Tuesday, April 15, 2008

Enlightenment

II. Enlightenment (§538-581)

Hegel explores the opposition of faith, as he has described it in the previous section (below), and pure insight, which at this point I would describe as rationality, or something akin to what we might today imagine as perfectly scientific thinking. This is possibly way off.

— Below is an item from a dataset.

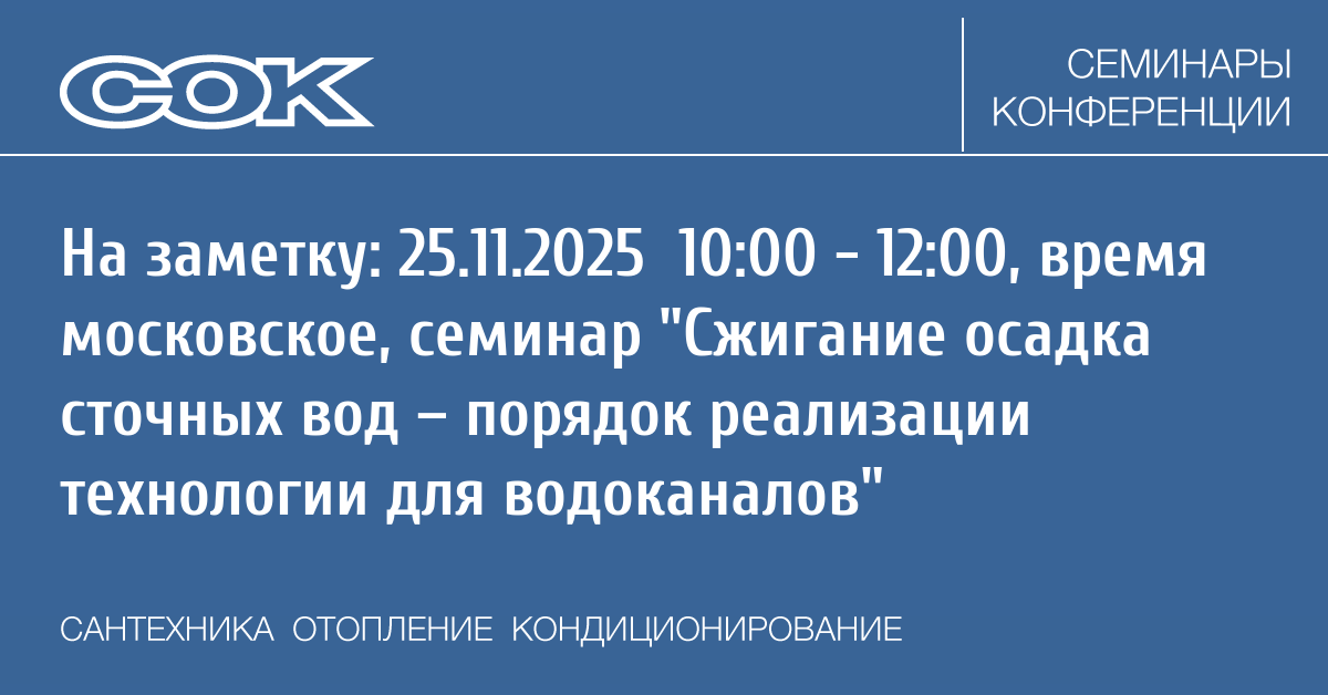 Webinar: Сжигание осадка сточных вод – порядок реализации технологии для водоканалов

Enlightenment, as the goal of pure insight, is opposed to faith, the house of beliefs (esp. religious). What enlightenment opposes seems to be dogmatism and superstition, but at root this is mostly the fault of the power-hungry human failings of the priestly class. Faith is in turn opposed to enlightenment, since it seeks an all too-easy, undialectical (non-fluctuating) truth. I'd say of all the opposites, Hegel is harsher in his critique of enlightenment than he generally is, perhaps exposing some religious defensiveness himself. A rather pleasing summary of Hegel's religious leanings and defense are summarized well by Findlay:

549. The object of religion is rightly declared by enlightenment to be a product of the religious man’s thought, but it is wrongly supposed that this means that this object is a mere fabrication. The religious man’s trust in God is a recognition of the identity of God with his own rational being. The worship of the religious community is likewise something in which God comes to be as the spirit of that community, and does not remain blandly beyond it.
The remainder of the Enlightenment sections are spent trying to resolve the fight between faith and pure insight. The Spirit is again left in a situation of flux between the two, unable to reconcile the abstract Supreme and the concrete, this time on a cosmic level.